Department of Research & Innovation, University of Limpopo, Sovenga, South Africa.
AIDS Res Ther. 2017 Dec 16;14(1):61. doi: 10.1186/s12981-017-0187-2.
We evaluate the impact of clinic-based PMTCT community support by trained lay health workers in addition to standard clinical care on PMTCT infant outcomes.
In a cluster randomized controlled trial, twelve community health centers (CHCs) in Mpumalanga Province, South Africa, were randomized to have pregnant women living with HIV receive either: a standard care (SC) condition plus time-equivalent attention-control on disease prevention (SC; 6 CHCs; n = 357), or an enhanced intervention (EI) condition of SC PMTCT plus the "Protect Your Family" intervention (EI; 6 CHCs; n = 342). HIV-infected pregnant women in the SC attended four antenatal and two postnatal video sessions and those in the EI, four antenatal and two postnatal PMTCT plus "Protect Your Family" sessions led by trained lay health workers. Maternal PMTCT and HIV knowledge were assessed. Infant HIV status at 6 weeks postnatal was drawn from clinic PCR records; at 12 months, HIV status was assessed by study administered DNA PCR. Maternal adherence was assessed by dried blood spot at 32 weeks, and infant adherence was assessed by maternal report at 6 weeks. The impact of the EI was ascertained on primary outcomes (infant HIV status at 6 weeks and 12 months and ART adherence for mothers and infants), and secondary outcomes (HIV and PMTCT knowledge and HIV transmission related behaviours). A series of logistic regression and latent growth curve models were developed to test the impact of the intervention on study outcomes.

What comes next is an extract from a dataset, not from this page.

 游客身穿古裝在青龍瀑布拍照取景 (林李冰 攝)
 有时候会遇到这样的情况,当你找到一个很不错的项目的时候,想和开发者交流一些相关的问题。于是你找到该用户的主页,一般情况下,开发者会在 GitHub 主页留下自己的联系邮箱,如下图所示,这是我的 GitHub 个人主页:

In all, 699 women living with HIV were recruited during pregnancy (8-24 weeks), and assessments were completed at baseline, at 32 weeks pregnant (61.7%), and at 6 weeks (47.6%), 6 months (50.6%) and 12 months (59.5%) postnatally. Infants were tested for HIV at 6 weeks and 12 months, 73.5% living infants were tested at 6 weeks and 56.7% at 12 months. There were no significant differences between SC and EI on infant HIV status at 6 weeks and at 12 months, and no differences in maternal adherence at 32 weeks, reported infant adherence at 6 weeks, or PMTCT and HIV knowledge by study condition over time.
The enhanced intervention administered by trained lay health workers did not have any salutary impact on HIV infant status, ART adherence, HIV and PMTCT knowledge. Trial registration clinicaltrials.gov: number NCT02085356.

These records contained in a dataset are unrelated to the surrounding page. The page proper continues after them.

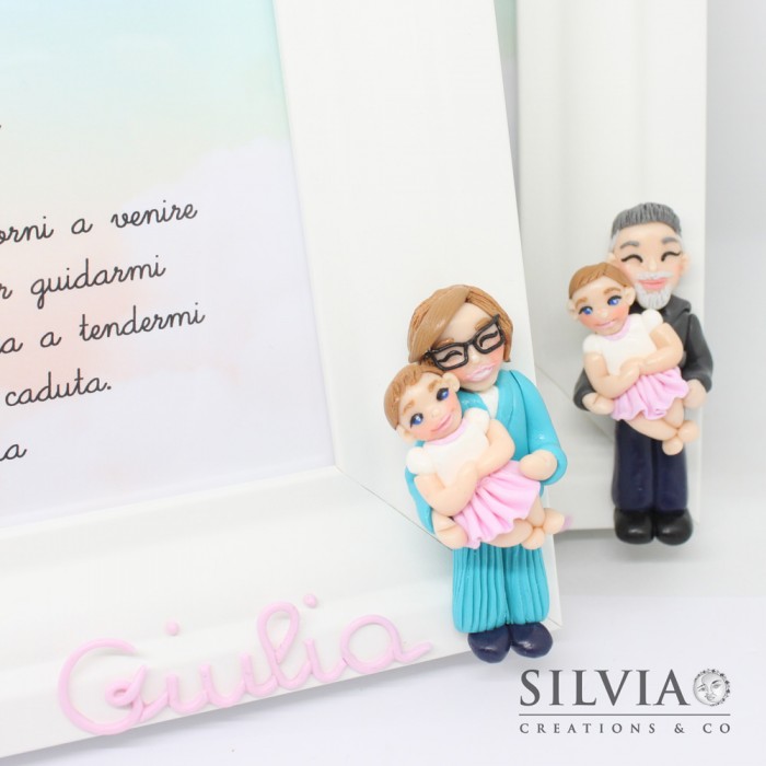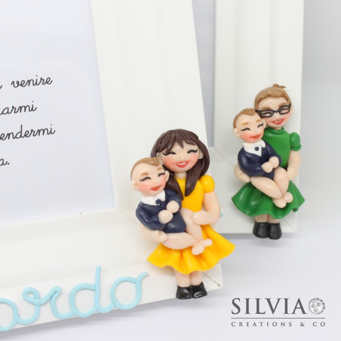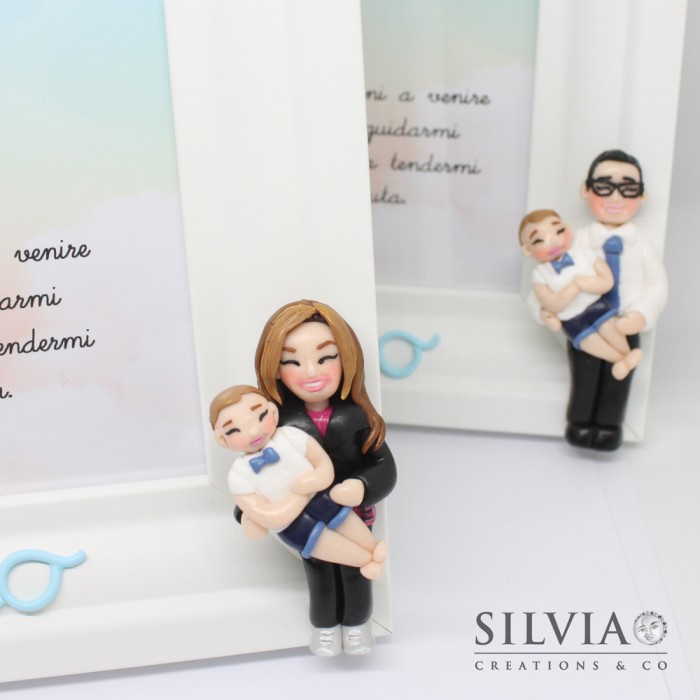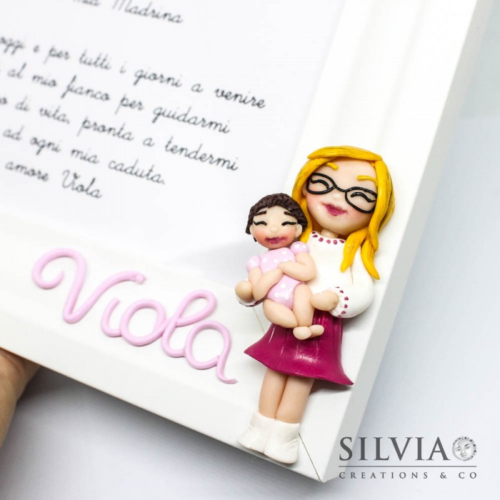 La cornice è decorata con il nome della bambina o bambino e ho realizzato la miniatura personalizzata della madrina, del padrino, della mamma o del papà e del bebè.
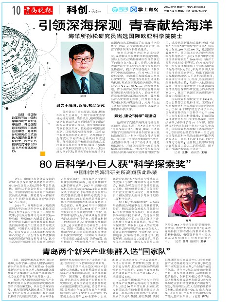 引领深海探测 青春献给海洋80后科学小巨人获“科学探索奖”青岛两个新兴产业集群入选“国家队”
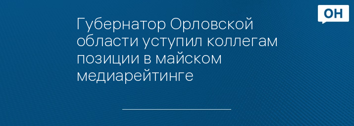 Губернатор Орловской области уступил коллегам позиции в майском медиарейтинге

我们评估了除标准临床护理外,由经过培训的非专业保健工作者提供的基于诊所的预防母婴传播社区支持对预防母婴传播婴儿结局的影响。
在一项整群随机对照试验中,南非姆普马兰加省的12个社区卫生中心(CHC)被随机分组,以使感染艾滋病毒的孕妇接受以下两种方式之一:标准护理(SC)组,即标准护理加在疾病预防方面与标准护理时间相当的注意力控制组(SC;6个社区卫生中心;n = 357),或强化干预(EI)组,即标准护理预防母婴传播加“保护你的家人”干预措施组(EI;6个社区卫生中心;n = 342)。SC组中感染艾滋病毒的孕妇参加了4次产前和2次产后视频课程,EI组的孕妇参加了4次产前和2次产后由经过培训的非专业保健工作者主持的预防母婴传播课程以及“保护你的家人”课程。评估了孕产妇预防母婴传播和艾滋病毒知识。产后6周时婴儿的艾滋病毒状况来自诊所的聚合酶链反应(PCR)记录;在12个月时,通过研究管理的DNA PCR评估艾滋病毒状况。在孕32周时通过干血斑评估孕产妇依从性,在产后6周时通过母亲报告评估婴儿依从性。确定了EI对主要结局(产后6周和12个月时婴儿的艾滋病毒状况以及母亲和婴儿的抗逆转录病毒治疗依从性)和次要结局(艾滋病毒和预防母婴传播知识以及与艾滋病毒传播相关的行为)的影响。开发了一系列逻辑回归和潜在增长曲线模型来测试干预对研究结局的影响。

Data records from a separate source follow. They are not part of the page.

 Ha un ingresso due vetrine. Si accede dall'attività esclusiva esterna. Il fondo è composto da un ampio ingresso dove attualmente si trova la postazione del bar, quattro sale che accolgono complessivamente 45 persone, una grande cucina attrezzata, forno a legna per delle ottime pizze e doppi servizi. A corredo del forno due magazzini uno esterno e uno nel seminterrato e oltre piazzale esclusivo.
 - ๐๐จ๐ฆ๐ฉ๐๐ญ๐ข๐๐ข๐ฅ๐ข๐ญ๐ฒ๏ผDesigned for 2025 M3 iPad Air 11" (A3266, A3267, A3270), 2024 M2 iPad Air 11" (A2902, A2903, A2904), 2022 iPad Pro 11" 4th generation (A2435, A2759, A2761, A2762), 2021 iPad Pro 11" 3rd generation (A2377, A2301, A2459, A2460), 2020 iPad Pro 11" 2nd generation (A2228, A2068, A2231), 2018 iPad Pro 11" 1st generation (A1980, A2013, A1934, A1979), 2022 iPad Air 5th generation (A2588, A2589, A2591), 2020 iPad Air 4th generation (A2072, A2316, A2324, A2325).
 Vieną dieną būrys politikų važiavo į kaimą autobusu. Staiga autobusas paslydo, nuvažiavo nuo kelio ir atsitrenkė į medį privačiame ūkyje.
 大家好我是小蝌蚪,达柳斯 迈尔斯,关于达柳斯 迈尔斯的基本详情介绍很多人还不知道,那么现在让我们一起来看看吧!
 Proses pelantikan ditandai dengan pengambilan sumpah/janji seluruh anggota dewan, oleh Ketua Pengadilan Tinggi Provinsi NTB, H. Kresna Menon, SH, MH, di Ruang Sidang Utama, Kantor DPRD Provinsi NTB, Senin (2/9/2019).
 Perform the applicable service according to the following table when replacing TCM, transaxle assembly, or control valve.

总共在孕期(8 - 24周)招募了699名感染艾滋病毒的妇女,并在基线、孕32周(61.7%)、产后6周(47.6%)、6个月(50.6%)和12个月(59.5%)时完成了评估。在产后6周和12个月时对婴儿进行了艾滋病毒检测,73.5%存活的婴儿在6周时接受了检测,56.7%在12个月时接受了检测。在产后6周和12个月时,SC组和EI组在婴儿艾滋病毒状况方面没有显著差异,在孕32周时的孕产妇依从性、产后6周报告的婴儿依从性或不同研究条件下随时间推移的预防母婴传播和艾滋病毒知识方面也没有差异。
由经过培训的非专业保健工作者实施的强化干预对艾滋病毒婴儿状况、抗逆转录病毒治疗依从性、艾滋病毒和预防母婴传播知识没有任何有益影响。试验注册 clinicaltrials.gov:编号NCT02085356。